Abstract
This chapter theoretically investigates a real-world model within the Gaussian HJM model. In order to construct the real-world model, it is vital to estimate the market price of risk. For this purpose, we assume that the market price of risk is constant during each observation period. Representing the forward rate process in a principal component space, we introduce a formula for the market price of risk as the maximum likelihood estimate.
Next, we investigate the numerical properties of the market price of risk, after which we give an interpretation of that price with respect to the historical trend of the forward rates. Furthermore, we show that the interest rate simulation admits historical drift and volatility. Finally, we present a numerical procedure for real-world modeling. These results are essentially those from Yasuoka (2015). Of particular note, however, is that applying maximum likelihood estimation to finding the market price of risk is newly written for this book, in Section 6.2. Additionally, a numerical procedure is introduced in Section 6.9 for implementing the real-world model.

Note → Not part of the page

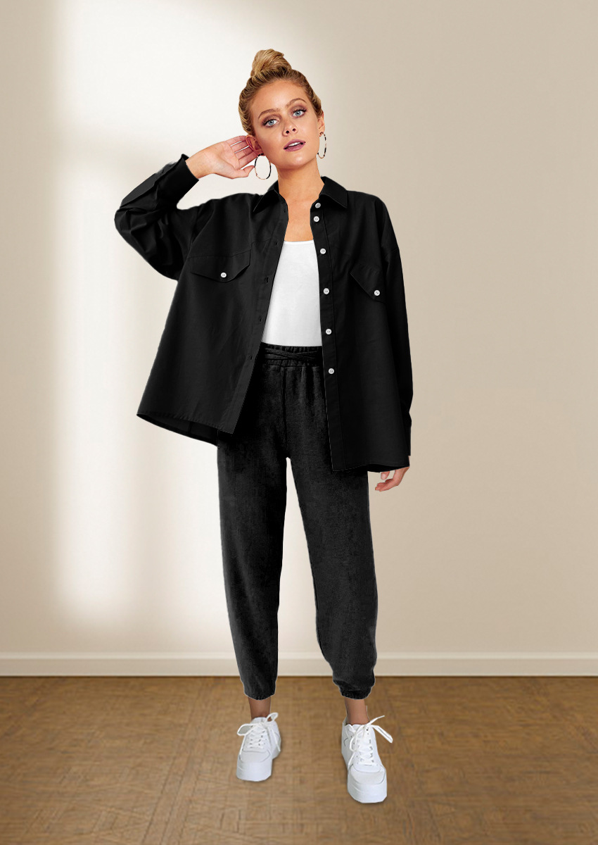 가을 2023 새로운 유럽과 미국 면 느슨한 패션 캐주얼 패션 통근 옷깃 긴 소매 여성을위한 인기있는 셔츠스토어 가기

Keywords: Butterfly trading strategy, Dimension reduction, Flattening strategy, Forward rate curve, Full-factor model, Gaussian HJM model, Market price of risk, Monte Carlo simulation, Maximum likelihood estimation, Musiela’s parametrization, Numerical procedure, Observable trend, PCA, Principal volatility component, Real-world simulation, Rolled trend, Rolled trend score, Rolldown, Roll-up, State price deflator, State space, Steepening strategy.